Wednesday 6 October 2010

Lessons from our past

Well this week we've had an Underground strike so here is a story from nearly 20 years ago with a moral. I would welcome your comments.

In 1984 when I started London Pride Sightseeing we used to employ a crew of two - a driver and a guide.

London Transport's Sightseeing Tour had been completely unguided but you did get a helpful map. Cityrama ran in opposition with multilingual commentaries fed into headphones.

When the competition heated up LT also offered a guide on some, and then eventually all departures.

Our guides were sourced from ordinary people - we advertised, interviewed them, and trained them to tell a story about London as we made our way around town. It was live and the guides were in amongst the passengers interacting with and entertaining them. And it was broadcast through the vehicle speakers so everyone heard it together.

As a public body London Transport used 'Blue Badge' qualified guides who were already working on the more traditional coach tours in and around London.

We didn't - firstly they were extraordinarily expensive, and secondly all the best Blue Badge guides were working on full day London tours, going inside the major attractions, or going out to Windsor, Oxford and so on. We went around exactly the same streets three or four times a day and the view, and the story, was largely the same. The Blue Badge guides we heard on repetitive London circuits were awfully dull.

And lastly, at the time, a good many Blue Badge guides spoke in plum voices and gave, it appeared to us, a rather condescending and snooty commentary.

Our people were more ordinary - in several cases guiding was new to them but they were enthusiastic, cheerful, funny and generally gave good value. (The tour was £2.50 in those days).

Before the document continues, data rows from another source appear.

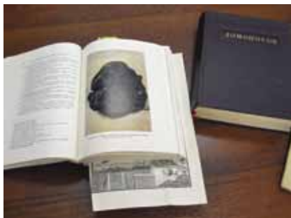
Книги из собрания сочинений М.В. Ломоносова

М.В. Ломоносов высказывает идею о постоянных изменениях, происходящих в земной коре. На то время она намного опережала состояние современной ему науки. Он писал: « Твёрдо помнить должно, что видимые телесные на земле вещи и весь мир не в таком состоянии были с начала от создания, как ныне находим, но великие происходили в нём перемены... ». Ломоносов предлагает свои способы определения возраста руд, происхождения вулканов, именно Ломоносову принадлежит первое объяснение природы вулканов как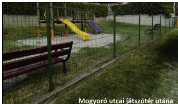
Mogyoró utcai játszótér utána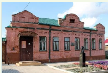
Дом Буниных по ул. Тургенева (сейчас Дом-музей)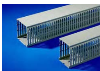
Goulottes de câbles, Réf., voir page 1060.

Dispositif de verrouillage standard à panneton double pouvant être échangé contre un dispositif de verrouillage modèle E (voir page 956) ou contre une poignée Ergoform-S, KS 1490.010 (voir page 953).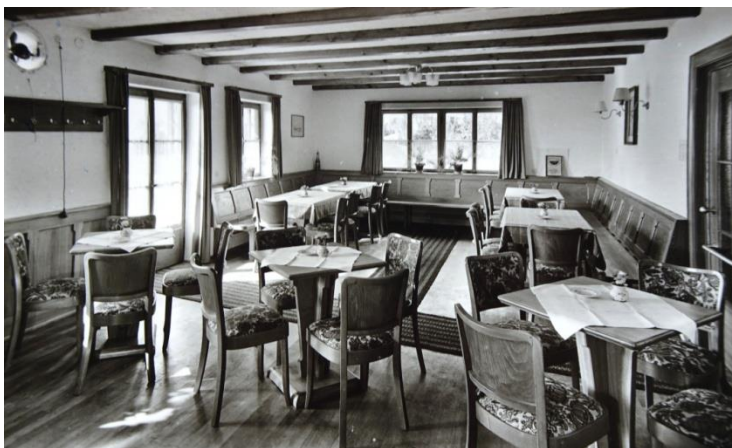
Ende vom Café ca. 1969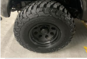
Sol Ön Lastik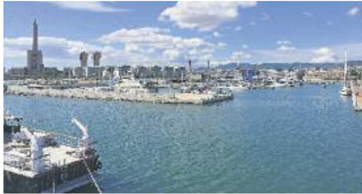
L'Ajuntament preveu que el port esdevingui un actiu econòmic.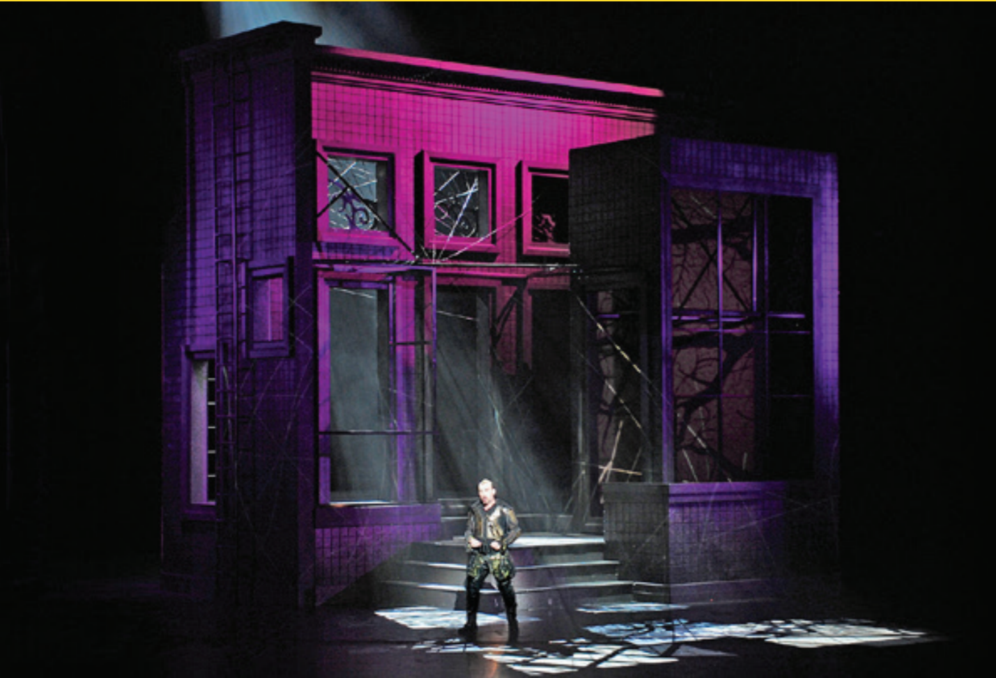
Otello, SNG Opera in Balet, Cankarjev Dom Ljubljana, 2016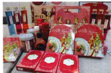
「ピンク華麗」などの商品

カレーは容量200グラムのレトルトカレーで、色はまさにピンク色。味はカレーそのもので、辛さは1種類のみでさほど辛くないので安心して食べられる。ほかにも「ピンク華麗うどん」(カレーと乾麺の2食入り)が228ドル。また、ピンク醤油の「華貴婦人」もあり、Coron(100ミリリットル)は208ドル、Rose(50ミリリットル)は108ドルとなっている。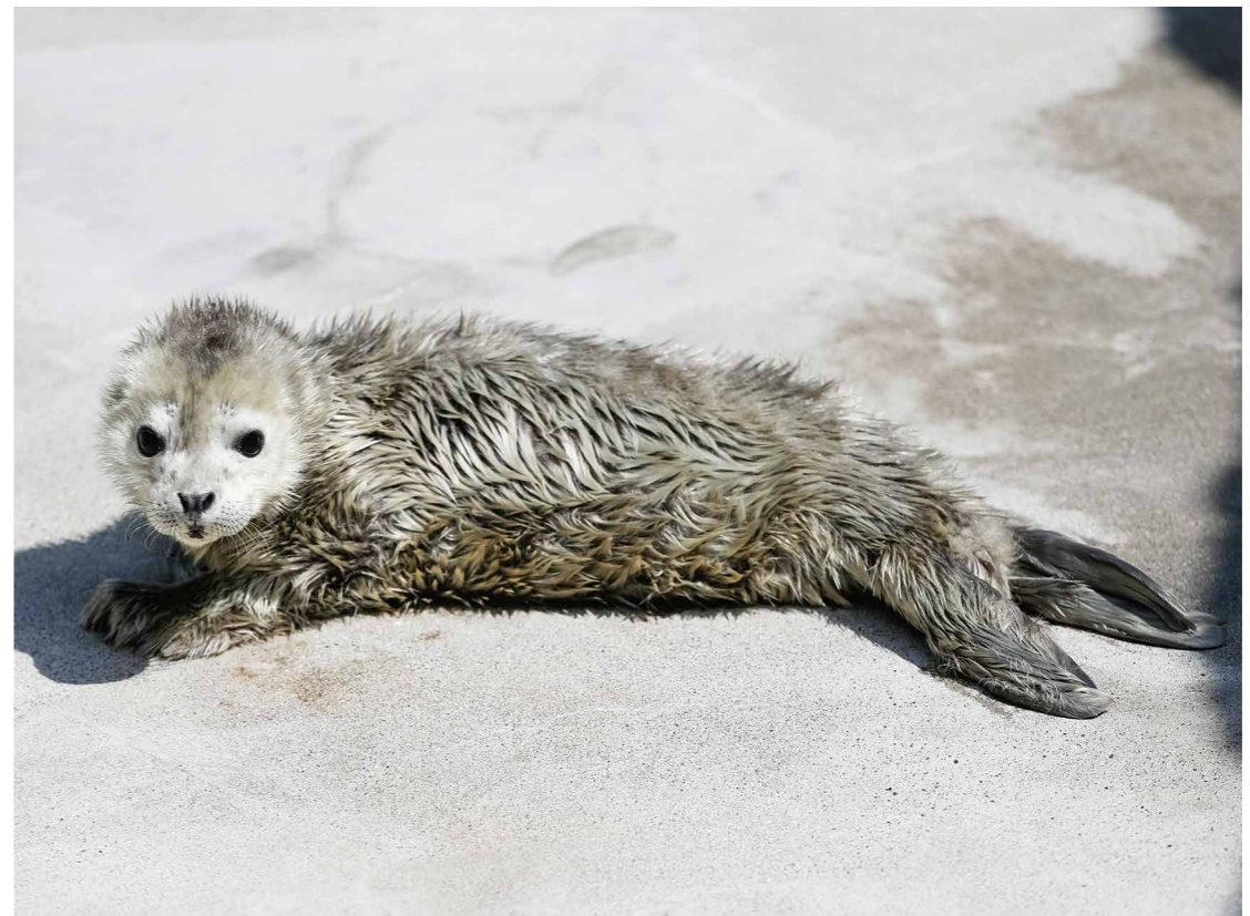
▲生後2日目(2024年3月30日撮影)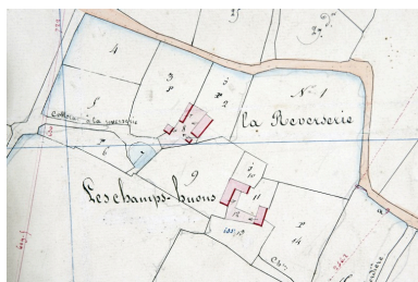
Extrait du plan cadastral de 1838, section G3. IVR52_20065302323NUCA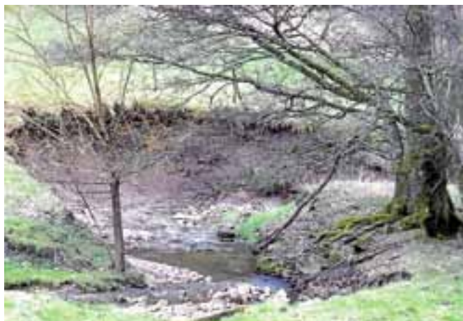
Viele Bäche führen aktuell nur noch sehr wenig Wasser.

Die Wasserbehörde weist weiter darauf hin, dass das Aufstauen von Fließgewässern und die Entnahme von größeren Wassermengen mit Elektro- oder Motorpumpen grundsätzlich wasserrechtlich erlaubnispflichtig sind. Die Wasserentnahme mit solchen technischen Hilfsmitteln ist ohne wasserrechtliche Erlaubnis verboten. ■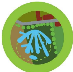
▲ Zone d'expansion de crue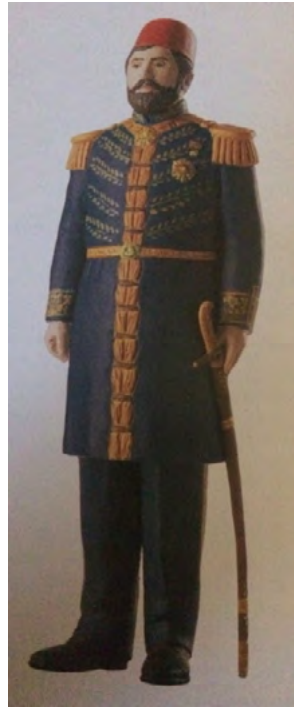
App. 12: KAPUDAN PASHA AFTER DRESS REFORM (Atabey, 2005, p. 42)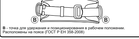
Рис. 2. Типы крепежных точек

В - точка для удержания и позиционирования в рабочем положении. Расположены на поясе (ГОСТ Р ЕН 358-2008)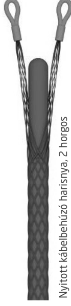
Nyitott kábelbehúzó harisnya, 2 horgos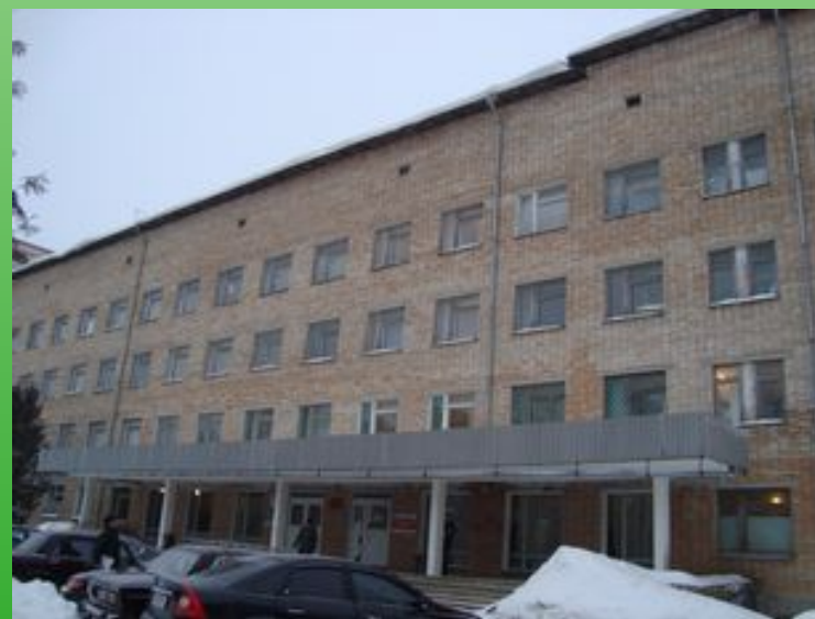
Поликлиника №1 и № 4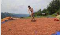
TMO fındık alımına başladı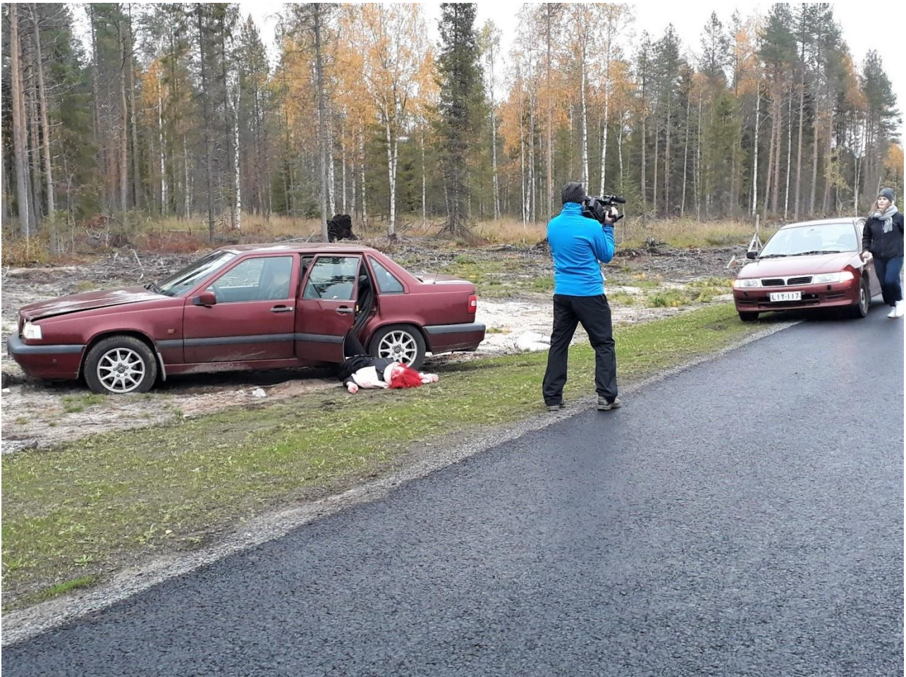
KUVA 2. Kohtauksia jouduttiin kuvaamaan useaan otteeseen

Kuvauspaikoilla jokaisesta kohtauksesta otettiin monta otosta eri kuvakulmista, jotta videoiden editointivaiheessa olisi vaihtoehtoja, mistä valita. Kohtaukset piti saada liitettyä yhdeksi videoksi saumattomasti, siksi jo kuvauspaikalla piti miettiä esimerkiksi näyttelijöiden asennot kohtauksen lopussa ja seuraavan alussa. Oulu-Koillismaan pelastuslaitos antoi kuvauksiin kaksi ensihoitajaa ja ambulanssin, näin videoista saatiin mahdollisimman todentuntuiset. Videoilla haluttiin painottaa, että on tärkeää ohjata ammattiapu oikeaan paikkaan, eikä avunantoa saa lopettaa ennen kuin paikalle saapuvat ensihoitajat antavat siihen luvan. (Kuvat 2 ja 3.)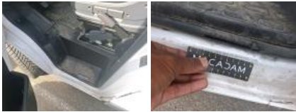
Bas de caisse int AVG, Griffe(s), Peindre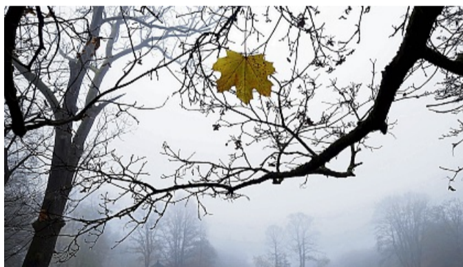
Depression ist eine Krankheit , die viele betrifft. In der „Selbsthilfegruppe Gedankenfrei“ können sich Betroffene darüber austauschen.

Geeignet ist die Selbsthilfegruppe daher für Menschen, die an einer Depression und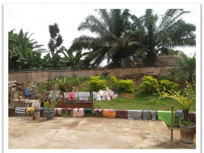
Muur met prikkeldraad tegen ongewenste indringers.

Uw gift is aftrekbaar van de inkomstenbelasting!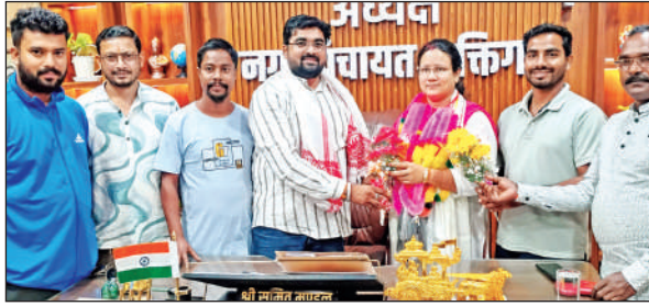
अधिशासी अधिकारी को पुष्प गुच्छ देकर स्वागत करते चेयरमैन और अन्य।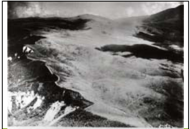
昭和9年 茅野市北大塩方面から見た霧ヶ峰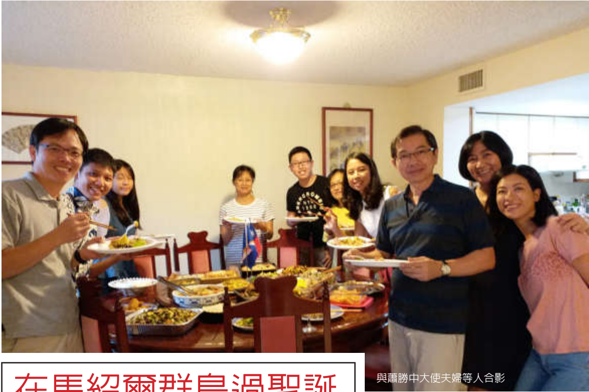
與蕭勝中大使夫婦等人合影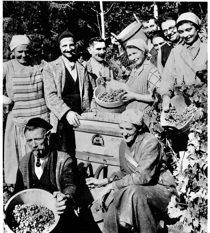
Läset mit „Geute“ und „Bränte“

schaft. So wurde die westliche Hälfte des Rebbergs im Umfang von 10'000 Quadratmetern zum Preis von 1 Franken pro Quadratmeter gekauft. Nun war Land vorhanden, wo aber sollten die Trauben denn gekeltert und gelagert werden? Rasch war klar, dass das Heidenhaus dafür geeignet wäre, nur für den Kauf fehlte das notwendige Kapital. Mit dieser Sorge gelangten die Genossenschafter an die Einwohnergemeinde. Und der Dorfgeist bildete die tragende Kraft.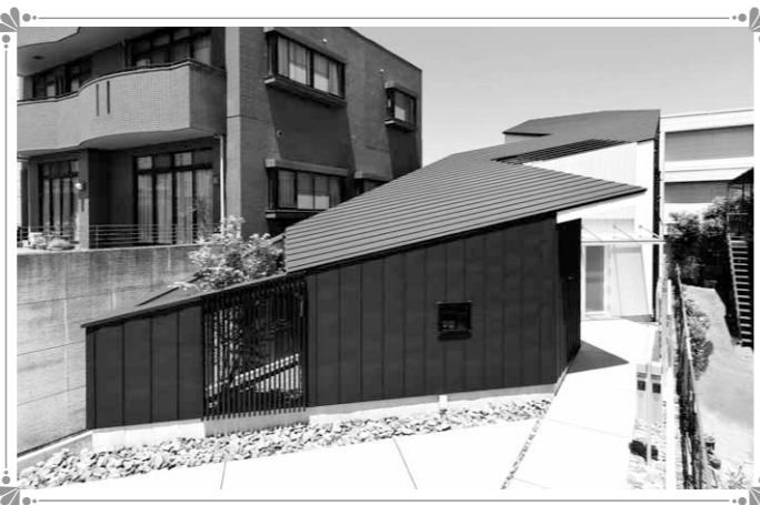
第23回受賞作品 抜粋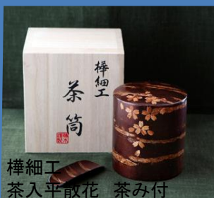
樺細工 茶入平散花 茶み付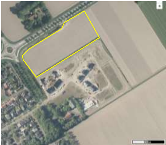
Detailopname en begrenzing van het plangebied. De begrenzing wordt met de gele lijn weergegeven.

Het plangebied bestaat uit agrarische cultuurgrond en kavelgrenssloot. De agrarische cultuurgrond was tijdens het veldbezoek in 2019 in gebruik als akker. De kavelgrenssloot bevatte open water en was plaatselijk dichtgegroeid met riet. De zuidoever van de sloot was gemaaid. Bebouwing of andere bouwwerken ontbreken in het plangebied. Voor een verbeelding van het plangebied wordt naar de fotobijlage verwezen.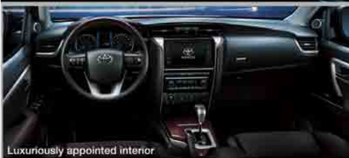
Luxuriously appointed interior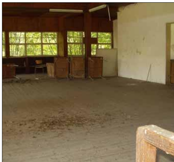
Hadinka 2016, interiér tanečního pavilonu. V dobách slávy měl nalevo místo orchestr, napravo stávalo občerstvení.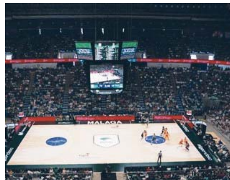
El Martín Carpena se queda sin baloncesto este mes. UNICAJA B. FOTOPRESS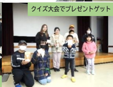
クイズ大会でプレゼントゲット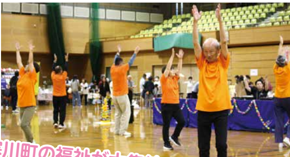
寒川町の福祉が大集結！

会場をシンコースポーツ寒川アリーナに移してから、3年目の開催です！当日はあいにくの雨でしたが、屋内なので安心♪ 35団体によるブースの出展と、6組のパフォーマンスのご披露、大いに盛り上がりました！！ご来場いただいた皆さま、ご協力いただいた関係者の皆さま、ありがとうございました。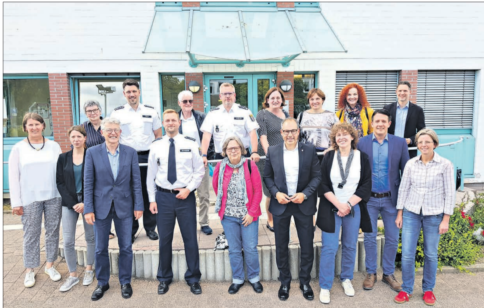
Der Präventionsrat der Stadt Eschborn trifft sich zu seiner Jubiläumsveranstaltung und hat für dieses Jahr einiges geplant.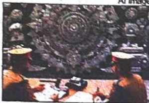
Al Image फ्रॉड से बचना है तो रहें सावधान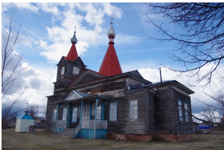
Сретенский храм, апрель 2018 г.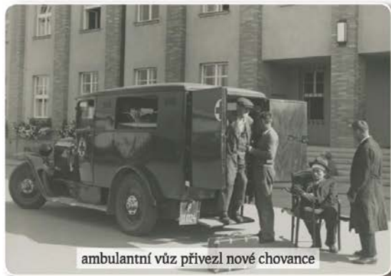
ambulanci přivezl nové chovance

V anonymní soutěži konané 28. května 1925 „U Primasů“ posuzovala devítičlenná porota pět projektů pojmenovaných „Továrna na pohádky“, „L“, „Senectuti et iuventuti“, „DO“ a „Slunce“. Zvítězil projekt „Senectuti et iuventuti“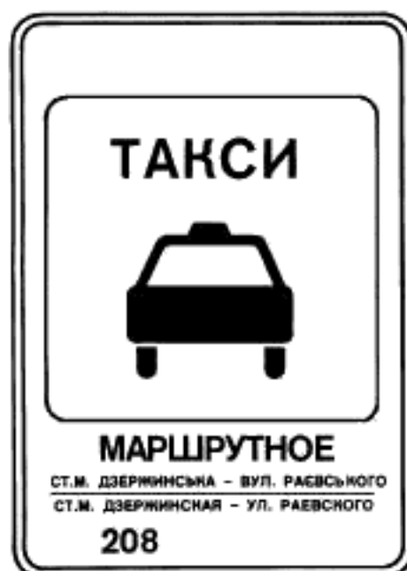
6. Указатель остановки маршрутных такси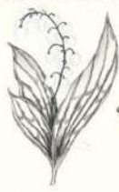
Dacă este ingerată, lăcrășimura poate provoca dureri abdominale, vomă, înetinirea ritmului cardiac și vedere încețoșată.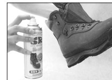
▲SRレザースプレーを吹き付ける

保革・防水用のスプレー(SRレザーシューズスプレー/SRスプレー)やワックスを用いてメンテナンスを行います。スエード/ヌバック(起毛皮革)の場合、スプレータイプの方が風合いを維持できます。(ワックスタイプのものでお手入れを続けると皮表面の色や風合いが変化します。)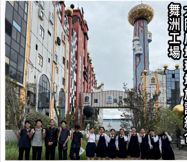
大阪広域環境施設組合 舞洲工場

三年生は10月8日(火)～11日(金)にかけて、関西方面への修学旅行を実施しました。台風も含めて、天候に気をもみましたが、全く支障なく実施できました。

We had high standards, checked the quality regularly and we were generally pleased with what they did, even though they didn't have the coveted Blue Badge.

We made a start in getting at least a couple of them qualified but before we got very far something else happened.

One day the Guild of Guides and Lecturers turned up and picketed the boarding point. They handed out leaflets in which they warned potential passengers that their 'safety was at risk' as a result of not using a Blue Badge Guide. They were referring, of course, to driver guiding, where drivers were themselves speaking. We didn't do that. However the safety card was being played in what was really a protest against the use of non-qualified guides. (Does this remind you of anything?)

As a result our operation was more or less shut down for most of the day as potential passengers went elsewhere. We retired to a nearby cafe to discuss tactics.

One idea came forward quite strongly and soon we had made a tape of the tour and fitted a bus with a machine where the driver could stop and start it with a footswitch. It clearly wasn't as personal as the real live guide but it was consistent, it never made mistakes, and we could add some features that the live guide couldn't deliver. Thus Big Ben always chimed when you went around Parliament Square, there was always a concert to be heard at the Royal Albert Hall, and other famous sounds were always to be heard.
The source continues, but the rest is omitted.